[RECORDS TO PROCESS]

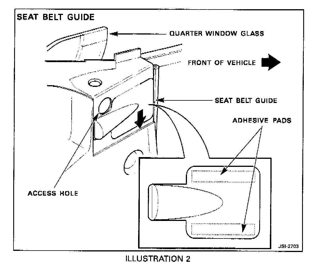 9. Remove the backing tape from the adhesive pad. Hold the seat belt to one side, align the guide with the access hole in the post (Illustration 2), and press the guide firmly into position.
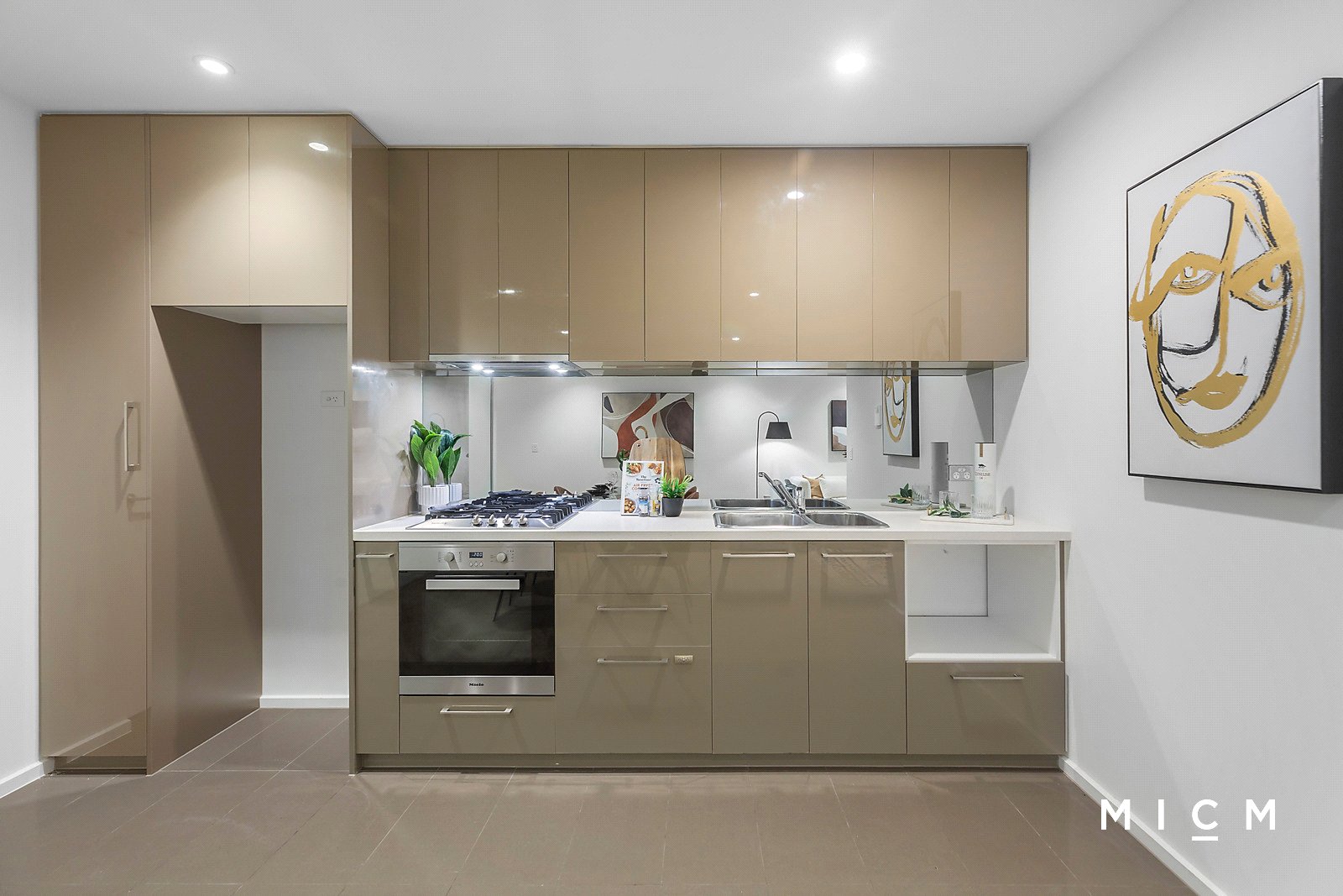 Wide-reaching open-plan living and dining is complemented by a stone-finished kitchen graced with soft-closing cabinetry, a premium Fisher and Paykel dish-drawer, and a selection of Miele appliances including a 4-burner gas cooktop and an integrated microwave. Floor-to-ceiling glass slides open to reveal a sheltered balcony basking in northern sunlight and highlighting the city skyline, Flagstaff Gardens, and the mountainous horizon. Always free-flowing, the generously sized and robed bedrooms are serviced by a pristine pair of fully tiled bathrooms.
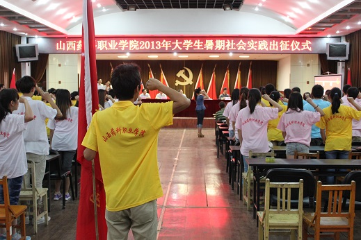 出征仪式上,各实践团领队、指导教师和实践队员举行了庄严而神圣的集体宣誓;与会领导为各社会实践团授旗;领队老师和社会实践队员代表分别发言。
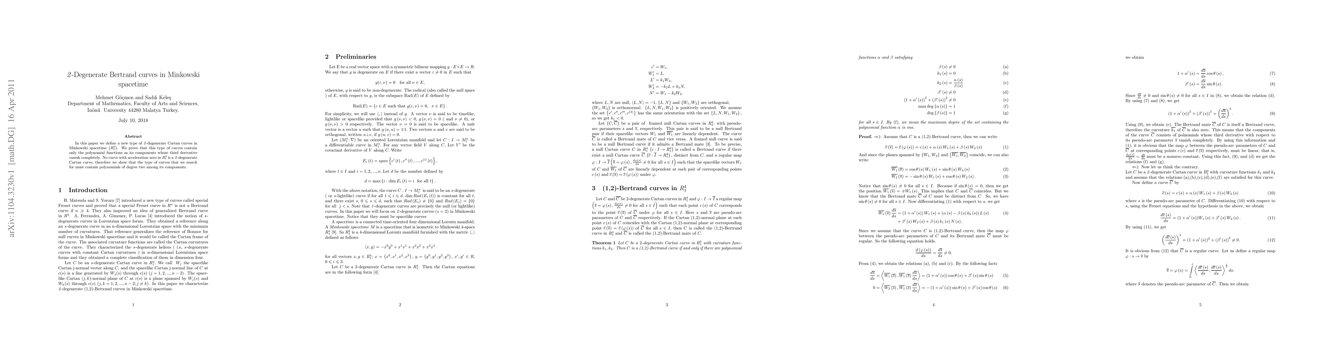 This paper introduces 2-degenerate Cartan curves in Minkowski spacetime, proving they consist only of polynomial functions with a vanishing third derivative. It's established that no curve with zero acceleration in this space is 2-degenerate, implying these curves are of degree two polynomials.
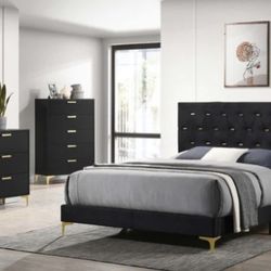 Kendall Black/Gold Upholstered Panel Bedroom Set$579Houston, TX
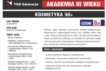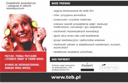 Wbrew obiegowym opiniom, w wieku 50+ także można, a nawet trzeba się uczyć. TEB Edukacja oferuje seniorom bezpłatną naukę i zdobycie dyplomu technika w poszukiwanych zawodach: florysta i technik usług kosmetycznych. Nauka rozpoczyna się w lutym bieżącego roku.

--

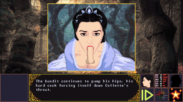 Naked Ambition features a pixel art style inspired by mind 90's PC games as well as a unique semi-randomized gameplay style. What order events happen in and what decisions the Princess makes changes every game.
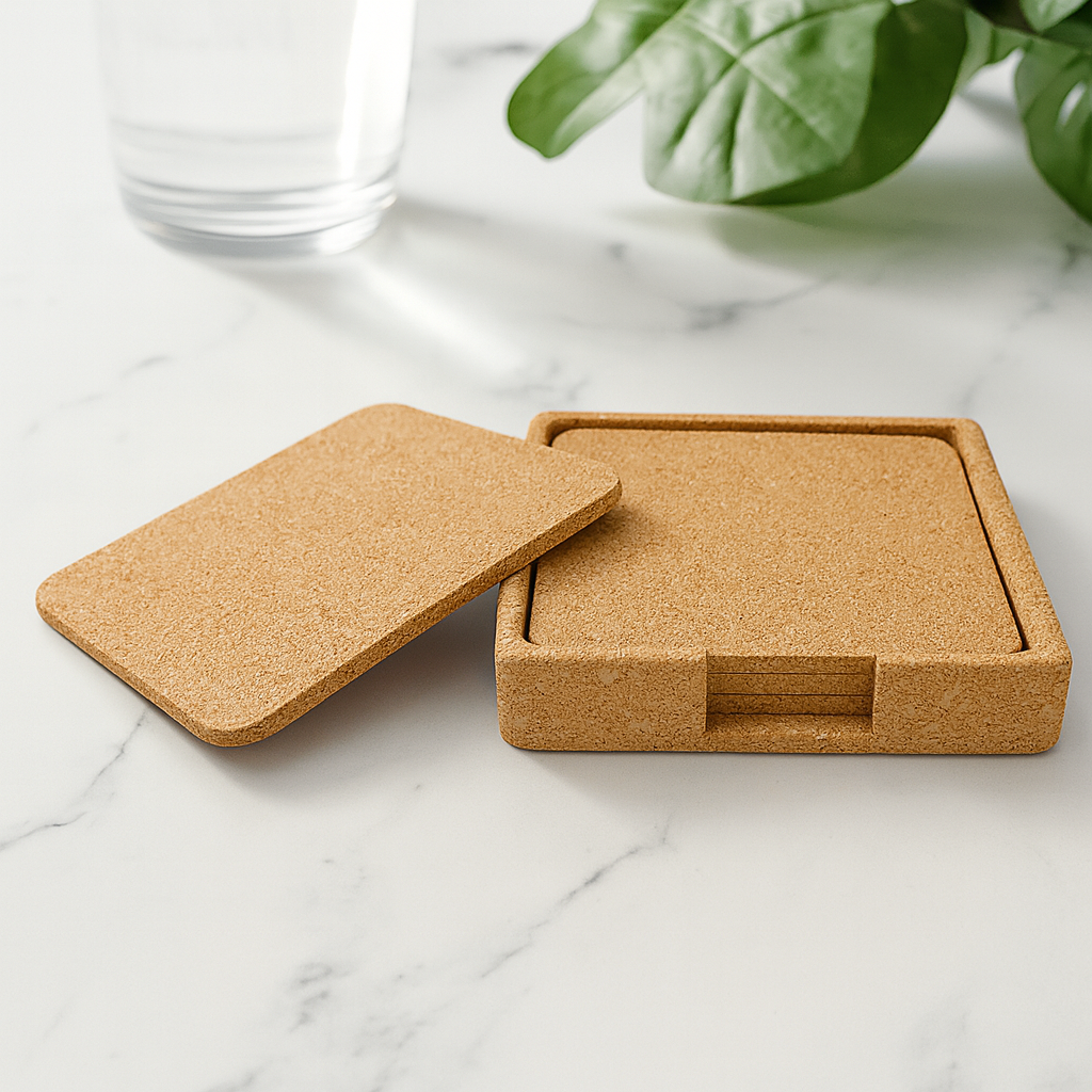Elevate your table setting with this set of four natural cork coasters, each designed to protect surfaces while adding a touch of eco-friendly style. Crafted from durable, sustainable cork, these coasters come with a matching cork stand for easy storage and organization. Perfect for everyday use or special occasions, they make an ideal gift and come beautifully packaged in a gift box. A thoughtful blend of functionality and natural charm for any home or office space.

[TASK DETAILS] Starting with the line that has "9. Remove the" and going on through the line that has "Wbrew obiegowym opiniom, w", transcribe the records above exactly, but skip the pictures.

[SOLUTION TO THIS PROBLEM]
 9. Remove the backing tape from the adhesive pad. Hold the seat belt to one side, align the guide with the access hole in the post (Illustration 2), and press the guide firmly into position.
 Wide-reaching open-plan living and dining is complemented by a stone-finished kitchen graced with soft-closing cabinetry, a premium Fisher and Paykel dish-drawer, and a selection of Miele appliances including a 4-burner gas cooktop and an integrated microwave. Floor-to-ceiling glass slides open to reveal a sheltered balcony basking in northern sunlight and highlighting the city skyline, Flagstaff Gardens, and the mountainous horizon. Always free-flowing, the generously sized and robed bedrooms are serviced by a pristine pair of fully tiled bathrooms.
 出征仪式上,各实践团领队、指导教师和实践队员举行了庄严而神圣的集体宣誓;与会领导为各社会实践团授旗;领队老师和社会实践队员代表分别发言。
 This paper introduces 2-degenerate Cartan curves in Minkowski spacetime, proving they consist only of polynomial functions with a vanishing third derivative. It's established that no curve with zero acceleration in this space is 2-degenerate, implying these curves are of degree two polynomials.
 Kendall Black/Gold Upholstered Panel Bedroom Set$579Houston, TX
 Wbrew obiegowym opiniom, w wieku 50+ także można, a nawet trzeba się uczyć. TEB Edukacja oferuje seniorom bezpłatną naukę i zdobycie dyplomu technika w poszukiwanych zawodach: florysta i technik usług kosmetycznych. Nauka rozpoczyna się w lutym bieżącego roku.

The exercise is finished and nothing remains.